A thermodynamic system undergoes cyclic process ABCDA as shown in figure. The work done by the system in the cycle is

Area of the upper triangle
$=\frac{1}{2}\times \left(2{\mathrm{V}}_0-{\mathrm{V}}_0\right)\times \left(3{\mathrm{P}}_0-2{\mathrm{P}}_0\right)=\frac{{\mathrm{P}}_0{\mathrm{V}}_0}{2}$
So work done in that cycle
${\mathrm{W}}_1=\frac{-{\mathrm{P}}_0{\mathrm{V}}_0}{2}$[Anticlockwise]

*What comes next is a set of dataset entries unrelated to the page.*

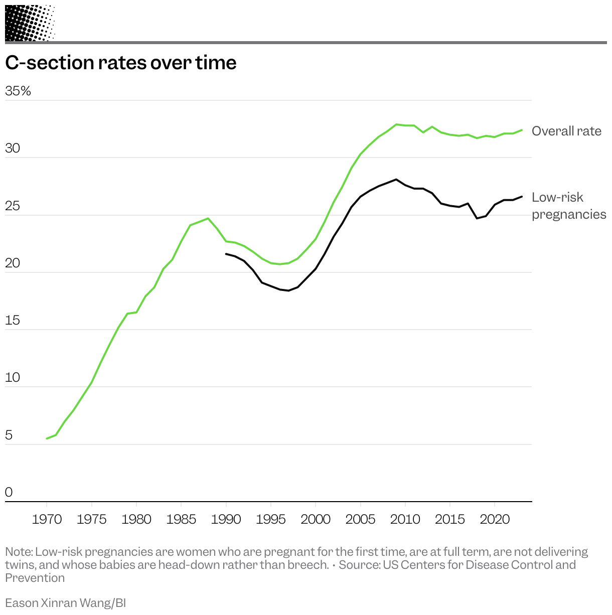 What results is a patchwork of disclosures that can hide significant C-section rate swings across nearby hospitals. Business Insider requested C-section data from all 50 states and Washington, D.C. An analysis of the first 21 to produce data reveals some hospitals performed surgeries on fewer than 5% of women with low-risk pregnancies — those who are least likely to require surgery to safely deliver their babies since they are pregnant for the first time, are at full term, are not delivering twins, and whose babies are head-down rather than breech. On the high end, 10 hospitals operated on around 50%.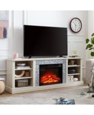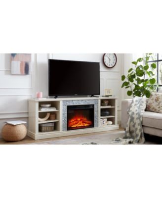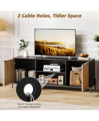 Rattan TV Stand for 65 Inch TV, White Entertainment Center Modern TV Console Table
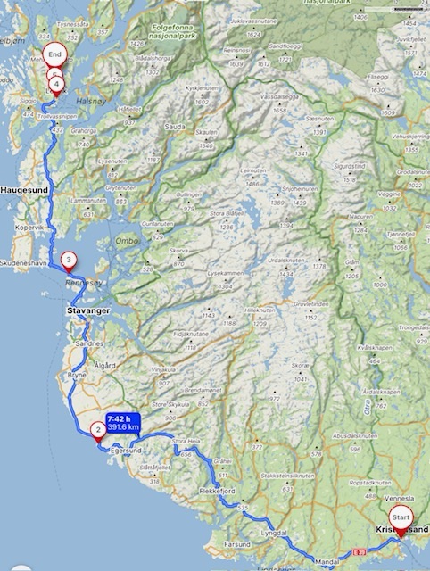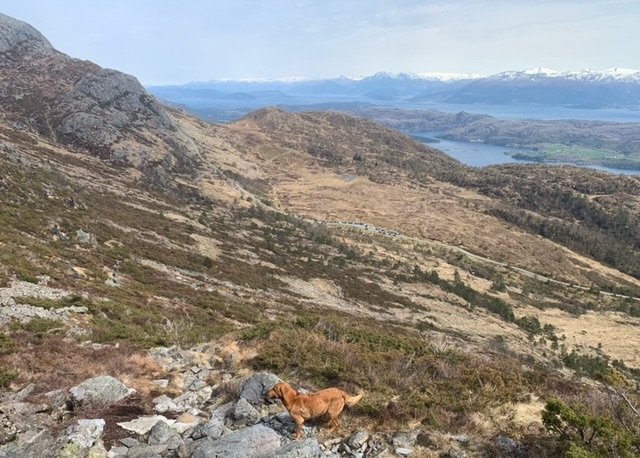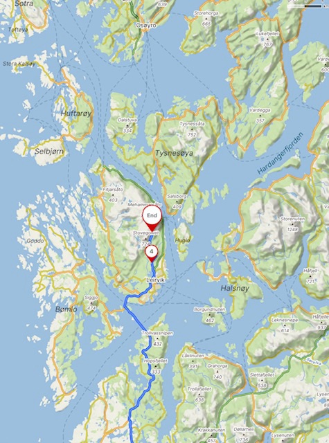 Stord Island is dominated by a short mountain range running north south for about 8 kilometres. I am stopped up at one of the two hikers’ car parks, at 380 metres, with views down over the fjords, Leirvik town, and the mainland, so looking eastwards.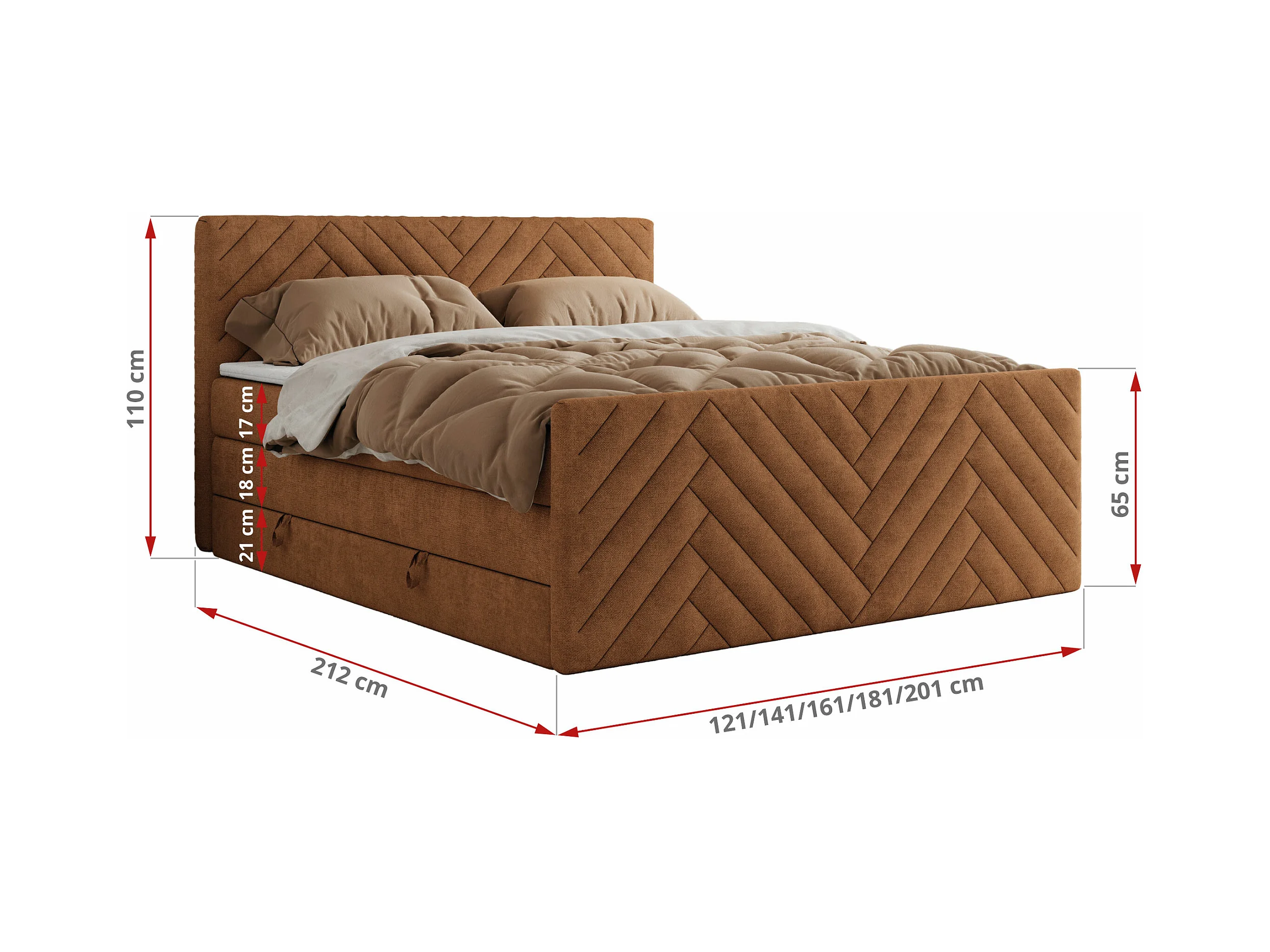 Boxspringbett PARIS KING DUO - dekorative Kopfstütze und Front, zwei Multipocket-Matratze mit Topper - 180x200 cm - H3 - Orange Strukture

Area of the lower triangle
$=\frac{1}{2}\times \left(2{\mathrm{V}}_0-{\mathrm{V}}_0\right)\times \left(2{\mathrm{P}}_0-{\mathrm{P}}_0\right)=\frac{{\mathrm{P}}_0{\mathrm{V}}_0}{2}$
So work done in this cycle
${\mathrm{W}}_2=\frac{+{\mathrm{P}}_0{\mathrm{V}}_0}{2} [\mathrm{Clockwise}]$
Total workdone$\mathrm{W}={\mathrm{W}}_1+{\mathrm{W}}_2=0$